▶ _What is being asked_: Nothing in the records should be changed in the copy, though the pictures must be left out.

▶ _Collected data_:
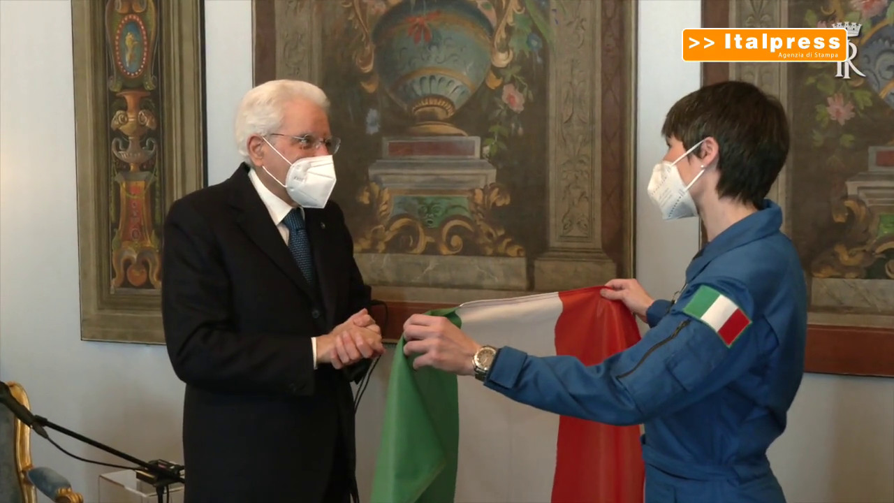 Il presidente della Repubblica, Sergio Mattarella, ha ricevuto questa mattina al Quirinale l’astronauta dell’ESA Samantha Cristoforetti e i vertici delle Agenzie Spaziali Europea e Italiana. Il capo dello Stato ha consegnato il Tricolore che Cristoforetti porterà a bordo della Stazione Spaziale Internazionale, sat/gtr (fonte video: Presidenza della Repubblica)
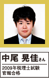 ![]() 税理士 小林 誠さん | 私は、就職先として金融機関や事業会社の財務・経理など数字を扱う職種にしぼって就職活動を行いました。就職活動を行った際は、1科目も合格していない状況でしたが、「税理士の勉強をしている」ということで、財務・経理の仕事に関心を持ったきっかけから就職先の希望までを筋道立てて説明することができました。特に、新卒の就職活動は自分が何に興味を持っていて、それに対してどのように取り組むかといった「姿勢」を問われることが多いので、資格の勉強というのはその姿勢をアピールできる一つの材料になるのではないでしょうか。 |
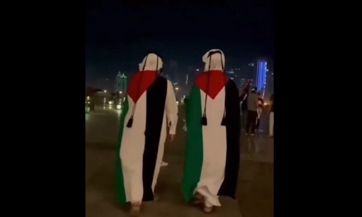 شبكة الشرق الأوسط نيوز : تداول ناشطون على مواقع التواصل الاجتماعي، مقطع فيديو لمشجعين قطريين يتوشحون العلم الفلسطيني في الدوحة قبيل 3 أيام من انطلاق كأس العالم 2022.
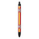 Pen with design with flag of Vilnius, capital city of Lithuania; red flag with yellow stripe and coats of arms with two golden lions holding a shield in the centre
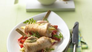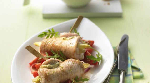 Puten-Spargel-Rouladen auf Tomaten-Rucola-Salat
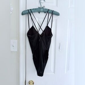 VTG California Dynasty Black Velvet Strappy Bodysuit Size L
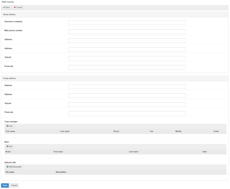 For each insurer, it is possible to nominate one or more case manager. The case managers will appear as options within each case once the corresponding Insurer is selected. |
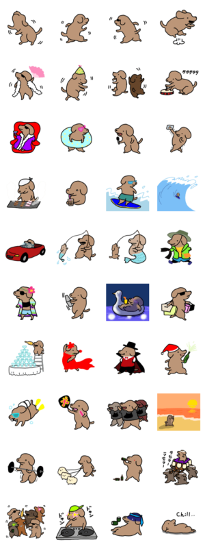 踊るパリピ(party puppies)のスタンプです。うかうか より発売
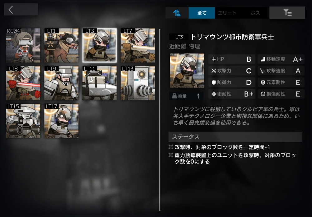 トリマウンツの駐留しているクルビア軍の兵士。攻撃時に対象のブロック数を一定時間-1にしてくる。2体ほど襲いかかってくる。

▶ _Solution for this problem_:
 Il presidente della Repubblica, Sergio Mattarella, ha ricevuto questa mattina al Quirinale l’astronauta dell’ESA Samantha Cristoforetti e i vertici delle Agenzie Spaziali Europea e Italiana. Il capo dello Stato ha consegnato il Tricolore che Cristoforetti porterà a bordo della Stazione Spaziale Internazionale, sat/gtr (fonte video: Presidenza della Repubblica)
 ![]() 税理士 小林 誠さん | 私は、就職先として金融機関や事業会社の財務・経理など数字を扱う職種にしぼって就職活動を行いました。就職活動を行った際は、1科目も合格していない状況でしたが、「税理士の勉強をしている」ということで、財務・経理の仕事に関心を持ったきっかけから就職先の希望までを筋道立てて説明することができました。特に、新卒の就職活動は自分が何に興味を持っていて、それに対してどのように取り組むかといった「姿勢」を問われることが多いので、資格の勉強というのはその姿勢をアピールできる一つの材料になるのではないでしょうか。 |
 شبكة الشرق الأوسط نيوز : تداول ناشطون على مواقع التواصل الاجتماعي، مقطع فيديو لمشجعين قطريين يتوشحون العلم الفلسطيني في الدوحة قبيل 3 أيام من انطلاق كأس العالم 2022.
 Pen with design with flag of Vilnius, capital city of Lithuania; red flag with yellow stripe and coats of arms with two golden lions holding a shield in the centre
 Puten-Spargel-Rouladen auf Tomaten-Rucola-Salat
 VTG California Dynasty Black Velvet Strappy Bodysuit Size L
 For each insurer, it is possible to nominate one or more case manager. The case managers will appear as options within each case once the corresponding Insurer is selected. |
 踊るパリピ(party puppies)のスタンプです。うかうか より発売
 トリマウンツの駐留しているクルビア軍の兵士。攻撃時に対象のブロック数を一定時間-1にしてくる。2体ほど襲いかかってくる。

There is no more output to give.